There’s isn’t much that Betty Boothroyd hasn’t done. She was a chorus line dancer, a volunteer on JFK’s presidential campaign, a Congressional aide, a parliamentary researcher, a councillor, an MP, an MEP, a government whip, and of course Speaker of the House of Commons. The first and only female Speaker became iconic in the role, her frequent bellows of ‘order’ reducing Cabinet ministers and retired colonels to hushed schoolboys. She is also, to my knowledge, the only Speaker to appear on Live & Kicking or be a lifelong paragliding enthusiast.
5. Winnie Ewing
Matriarch of the most famous Ewing clan this side of the Mississippi, Winnie Ewing was not the first SNP MP but she was and arguably remains the most symbolic. Her victory in the 1967 Hamilton by-election put Scottish nationalism on the political agenda and forced Labour to take devolution seriously. Her declaration, ‘Stop the world, Scotland wants to get on’, is still quoted by Nationalists today. She was affectionately known as Madame Ecosse during her quarter century of service as an MEP and was later elected to the Scottish Parliament. She chaired the first session of the devolved legislature, opening with the words: ‘The Scottish Parliament, adjourned on the 25th day of March in the year 1707, is hereby reconvened.’

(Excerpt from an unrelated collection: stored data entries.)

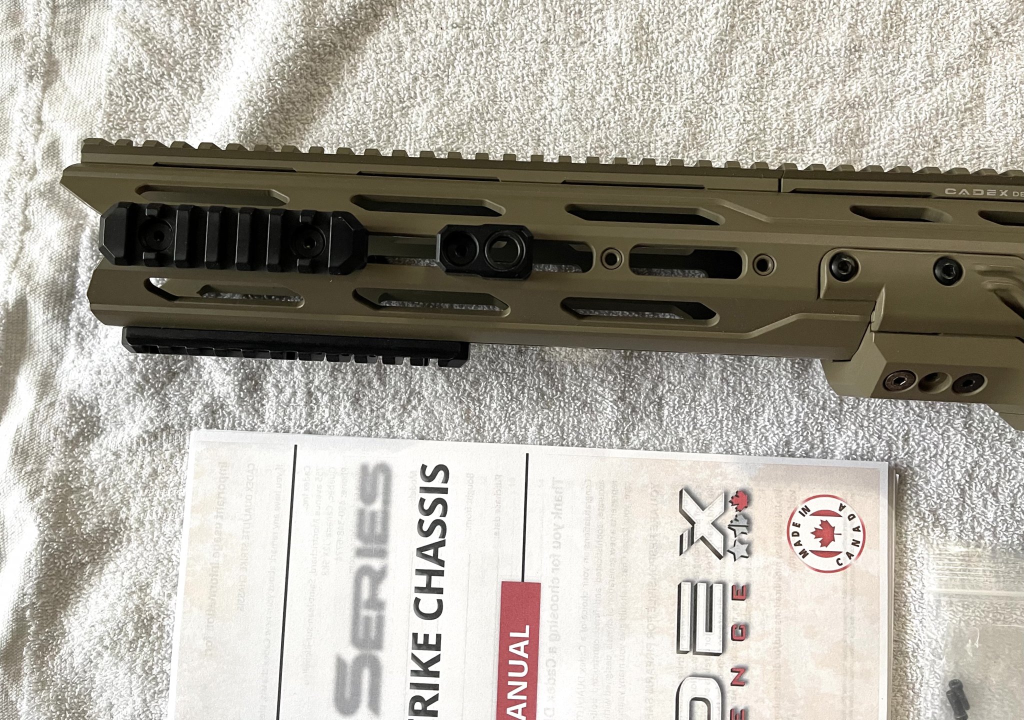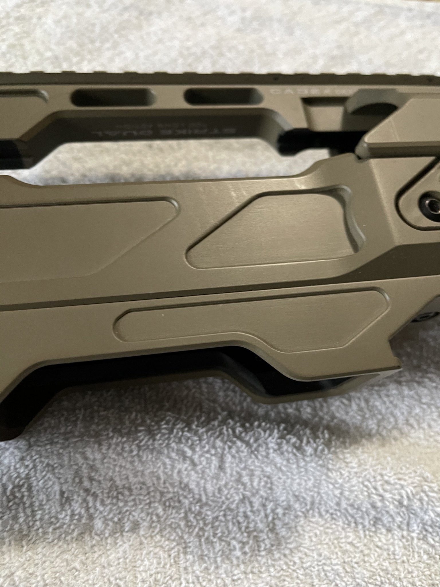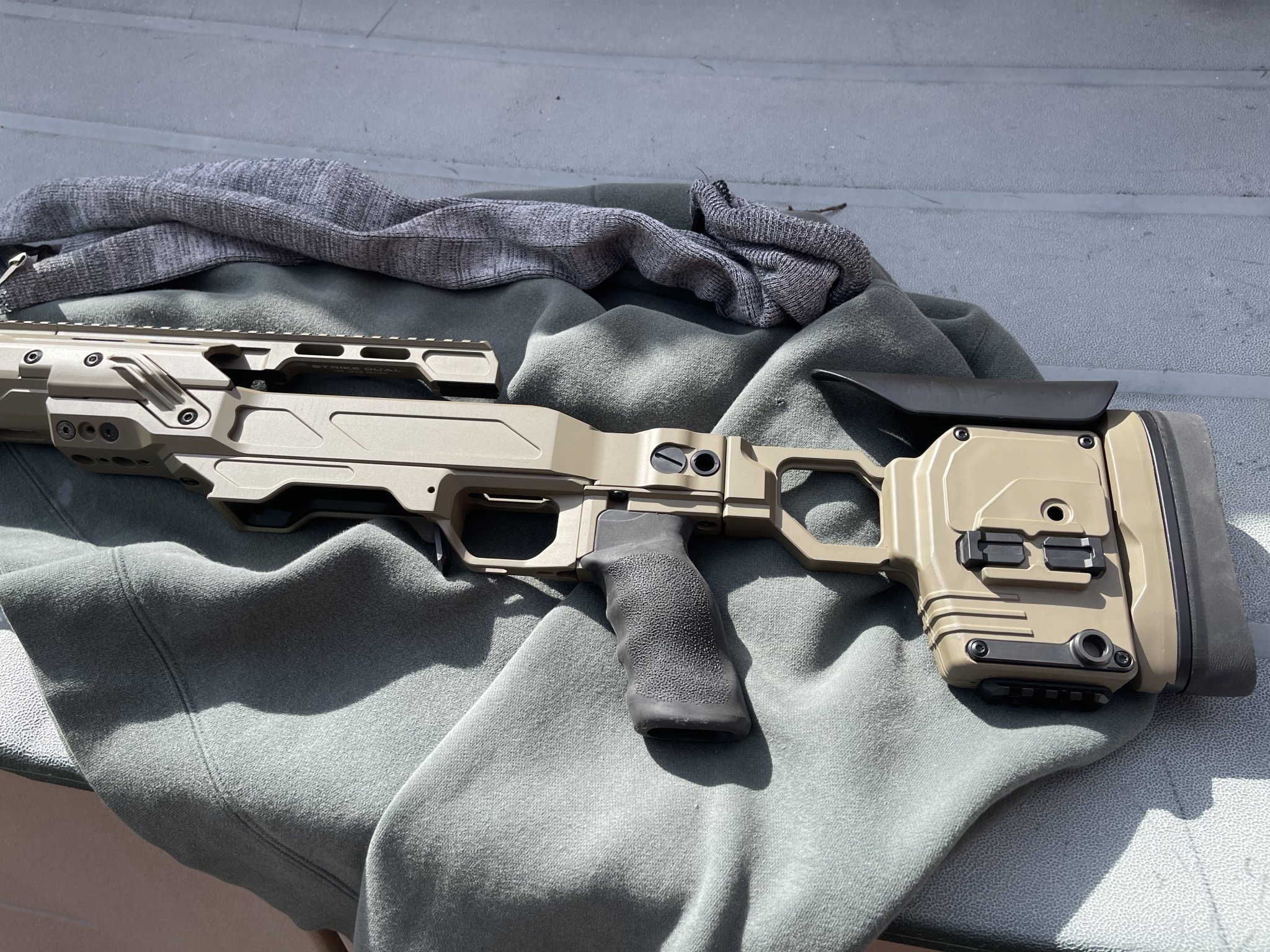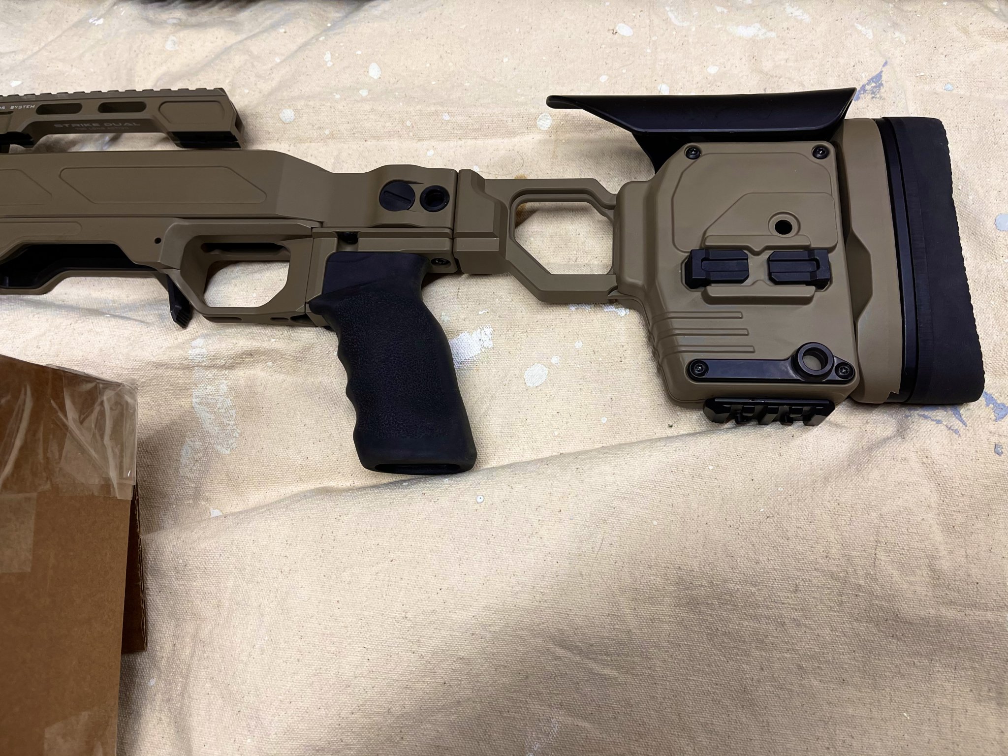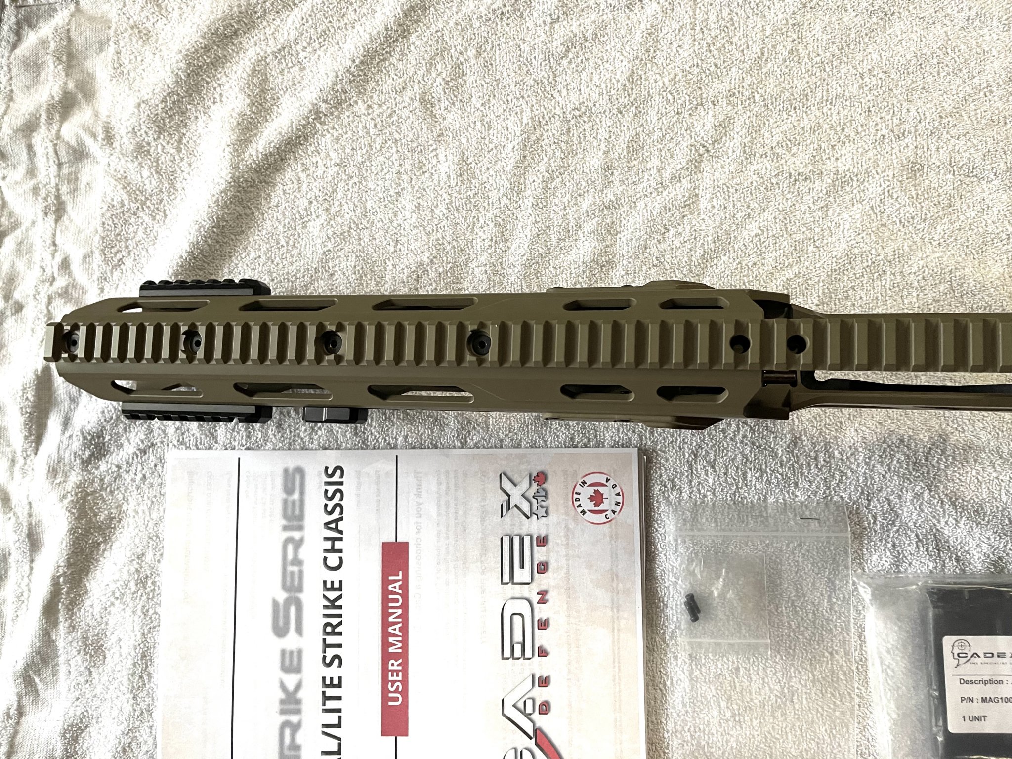 Specs: Ultimate sniper system currently in use worldwide by special operations units and long range shooters. Color: Unsure? Looks O.D. Green sometimes and looks dark tan others, see pics. I asked Cadex and they said Tan. Dimensions: 34.25”x3.1”x8.13”, Folded: 25.27”x4.68”x8.13”, Weight: 6.86 lbs (w/o mag), Folding Butt Stock: Reverse folding butt stock offers bolt handle protection and ultra compact transport, Locking Mechanism: Rattle Free locking mechanism, Easy manipulation with gloves, Folding hinge: Offset cam to remove any free play, Tool-free adjustable Butt Pad, Tool-Free adjustable cheek rest, Magazine Sleeve: Multiple magazine sleeves are available to fit most magazine types on the market, Aluminum Detachable Base: Removable for trigger maintenance or tuning without need to remove your action and lose your zero, Full length dual top rail: 20 MOA full length dual top rail, Fore-end tube: Heavy Duty Fore-end tube providing rail placement at 3,6 and 9 O’Clock, Grip: Finger Grooved rubberized Ergo grip, Trigger guard: Oversized guard and magazine release for easy manipulation with gloves, Roller bedding technology: Barreled action sits on 4 rollers to provide a stable platform that reduce barrel vibrations. According to the Cadex Configuration chart this Rem LA Chassis would fit: 30-06 Sprg, 7mm Rem Mag, 300 WM, 300 Rum, 338LM. That may or may not require different Magazine Sleeve and Magazine. Currently this Chassis comes with a 300 WM SS SF (3.715) 5-round New Cadex Magazine. Shipping Fix rate $30, UPS Ground Insured to Lower 48. Be sure you are legal to own prior to buying.
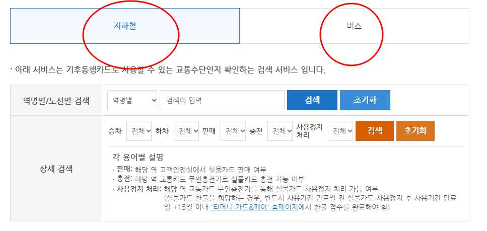 - 지하철역 1~9호선, 우이신설선, 신림선의 무인충전기에서 카드 사용정지를 합니다.
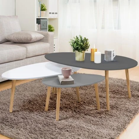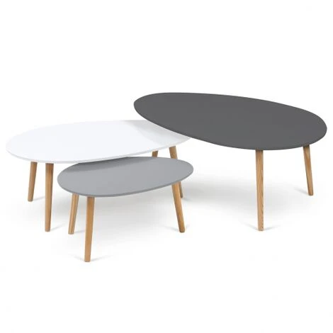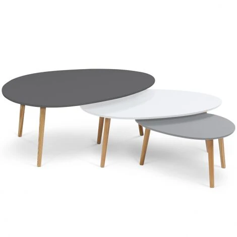 Questo set di 3 tavolini darà un tocco contemporaneo al vostro salotto. Il design di questi tavoli, ispirato allo stile nordico, è ultra-trendy, semplice e sofisticato allo stesso tempo.Siete liberi di disporre ogni tavolino come desiderate per creare l’interno che fa per voi. Elementi decorativi o tavolini per riporre riviste, telecomandi, lampade e piccole piante: ognuno avrà il suo utilizzo! Ideale per le vostre serate televisive o per gli aperitivi con gli amici, potete anche posizionarli facilmente l’uno sotto l’altro per risparmiare spazio! I tavolini da salotto sono un vero e proprio elemento decorativo e aggiungeranno un certo fascino ai vostri interni. Grazie alla loro forma ovale e alle robuste gambe in legno di pino, questi robusti tavolini da caffè conferiscono calore al vostro spazio abitativo.La superficie laccata lucida dei tavoli conferisce un tocco contemporaneo agli interni e una finitura raffinata. Infine, i colori laccati grigio scuro, grigio chiaro e bianco creano luce e contrasto, per un design pulito, chic e moderno.Questo set di tre tavolini da caffè farà un figurone nel vostro salotto, sia che abbiate un salotto piccolo o molto grande. Questo set di 3 tavolini da caffè sarà perfetto per il vostro salotto.Dimensioni dei 3 tavolini da salotto GIGIDimensioni tavolo grande: lunghezza 98 cm x larghezza 60 cm x altezza 40 cm Dimensioni tavolo medio: lunghezza 88 cm x larghezza 48 cm x altezza 34 cmDimensioni tavolo piccolo: lunghezza 60 cm x larghezza 38 cm x altezza 30 cmQuesto set di tavolini è disponibile in diversi colori: – Set di 3 tavolini nidificanti bianco/grigio/grafico- Set di 3 tavolini nidificanti bianco/grigio chiaro/grigio scuro- Set di 3 tavolini da salotto GIGI, laccato bianco- Set di 3 tavolini GIGI, laccati bianco/blu- Set di 2 tavolini nidificanti PM grigio e GM laccato bianco- Set di 2 tavolini nidificanti PM laccati bianco e grigio GM
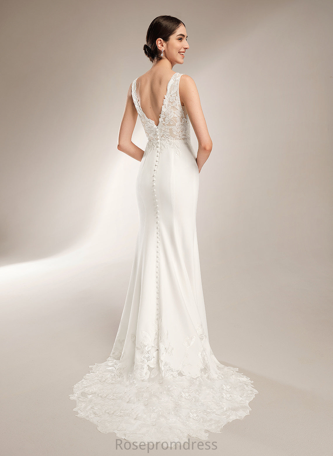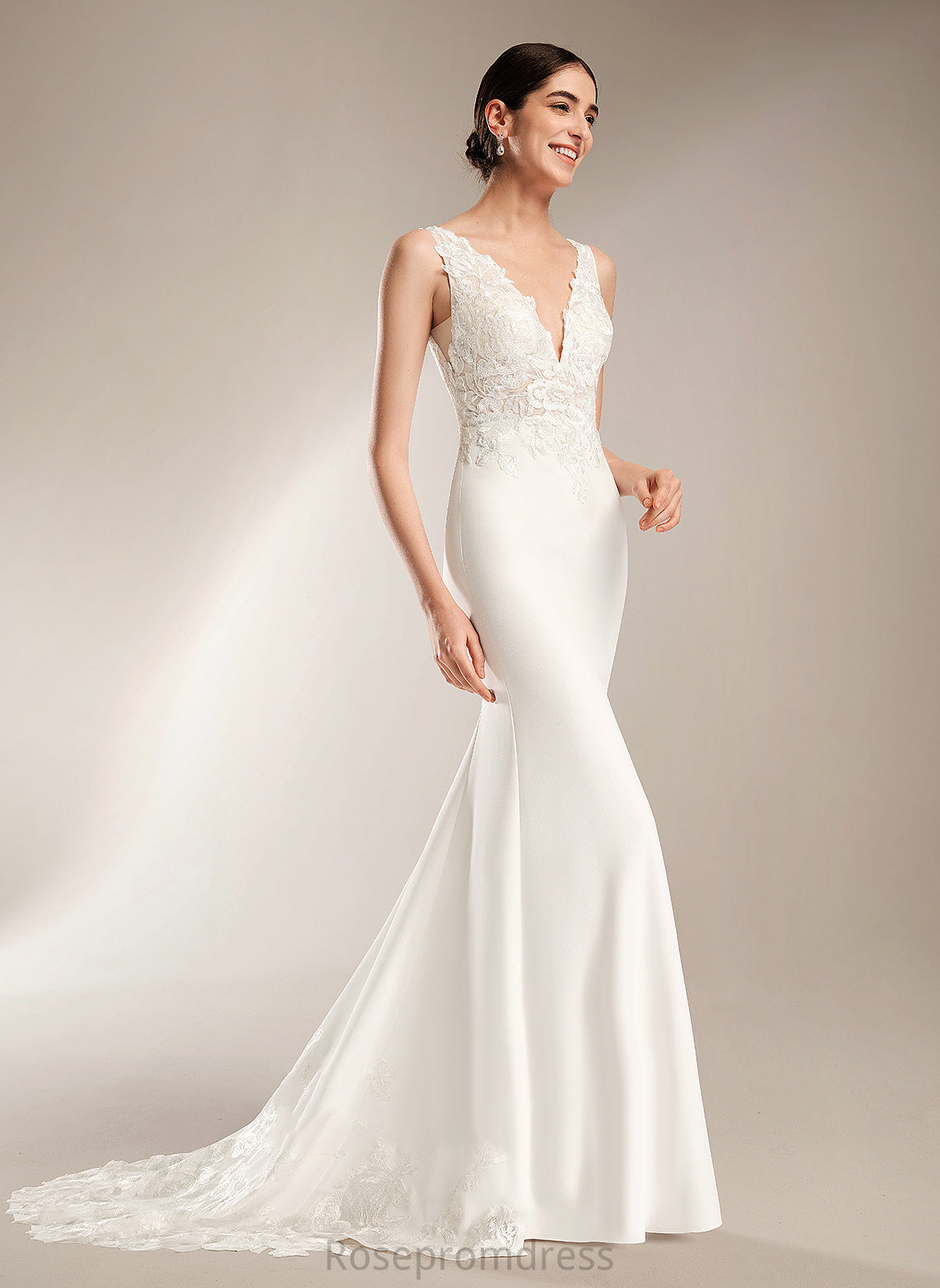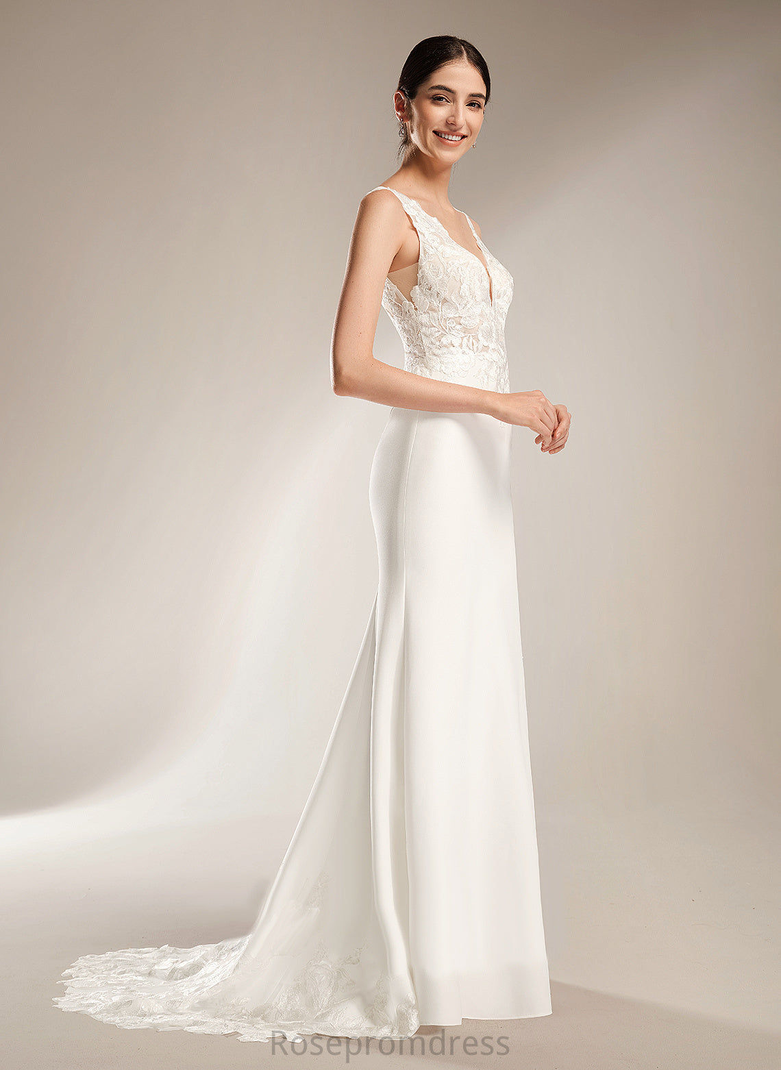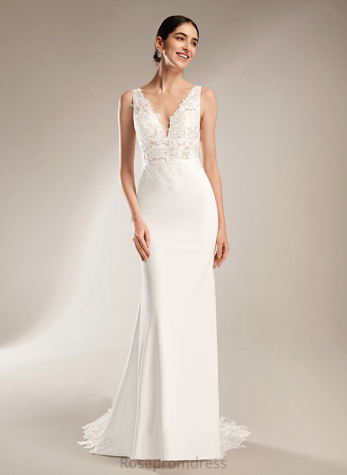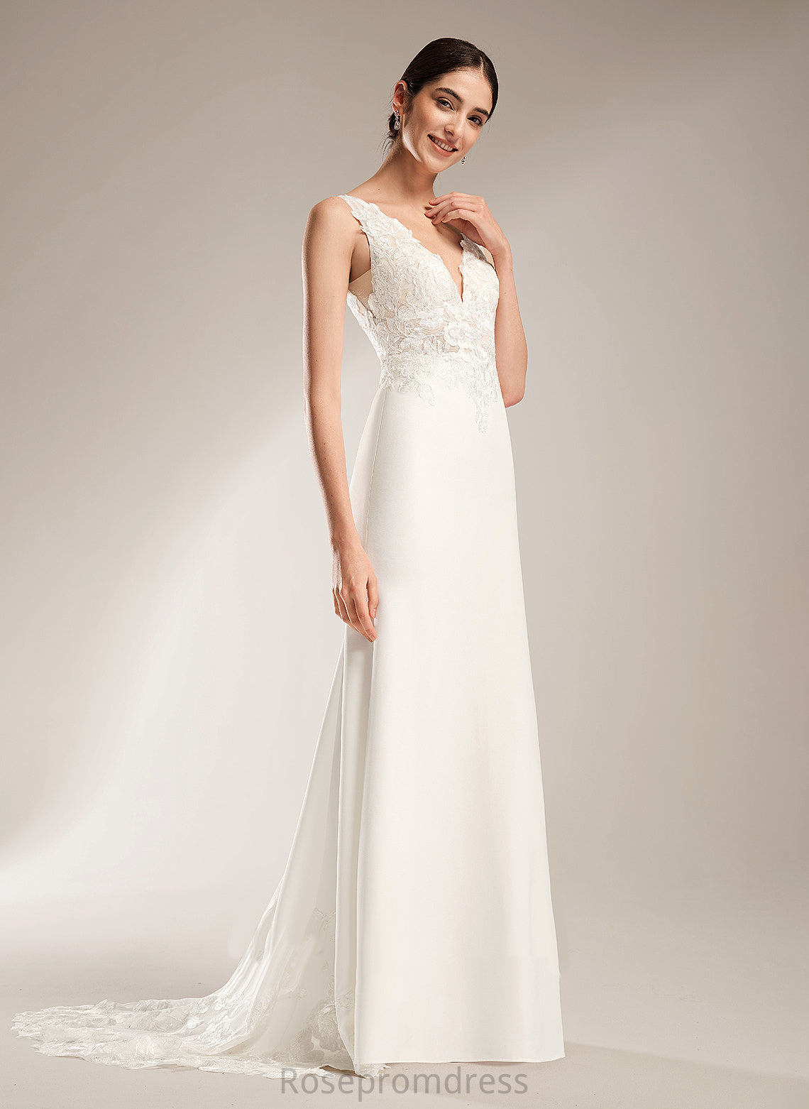 Sequins Stretch Court Dress Wedding Dresses Train Sheath/Column V-neck Alexus With Wedding Crepe

It’s unforgivable that Horsbrugh has been forgotten. She was the first woman and the first Conservative woman to represent Dundee; the first woman to deliver an Humble Address; the first woman appointed to a Tory Cabinet; and the minister responsible for wartime evacuation and food. After the war, she was a delegate to the conference that led to the drafting of the UN Charter and later served as Minister for Education.
7. Mo Mowlam
For those under a certain age, it’s difficult to capture just how popular Mo Mowlam was. The warm, beating heart of 1990s Labour, Mowlam was as sharp as anyone around her but cultivated a public image that was relaxed, jocular, and straight-speaking. She was an unspun minister at the height of New Labour control freakery and the public loved her for it. It has become popular to claim involvement in the Northern Ireland peace process but Mowlam was actually there and really did help reach the Good Friday Agreement. Her personal life was often grim, including an alcoholic father and losing the love of her life to a drowning accident. While lecturing at Florida State University in the late Seventies, and with Ted Bundy stalking the campus, she narrowly escaped an attack by an assailant she later identified as the serial killer. She died from a brain tumour aged 55.
Phillips was prolific pamphleteer through the Independent Labour Party and the Fabian Society. Her relationship with feminism was similar to Jennie Lee’s; it was always a secondary consideration to socialism and class struggle. Even so, she became Labour’s inaugural chief women’s officer and was responsible for increasing the party’s female membership. Phillips was the first Australian woman elected to the House of Commons — 14 years before a woman was elected to the Australian House of Representatives — and was, as best as I can determine, the first Jewish woman to enter Parliament.
‘Red Ellen’ was a suffragette, Jarrow marcher, novelist, polemicist, a supporter of Spanish republicanism, and a scathing critic of appeasement. After the election of the 1945 Labour government, she became the first female Minister for Education, an office she held till her death two years later.
10. Jennie Lee
A Labour legend, Lee was first elected to Parliament for the Independent Labour Party in 1929, aged just 24. She went toe-to-toe with Churchill early on, earning the respect of the then Chancellor, and was a passionate supporter of the Republican cause in Spain. As Minister for the Arts, she was responsible for setting up the Open University and expanding the Arts Council. Her husband, Aneurin, also took an interest in politics.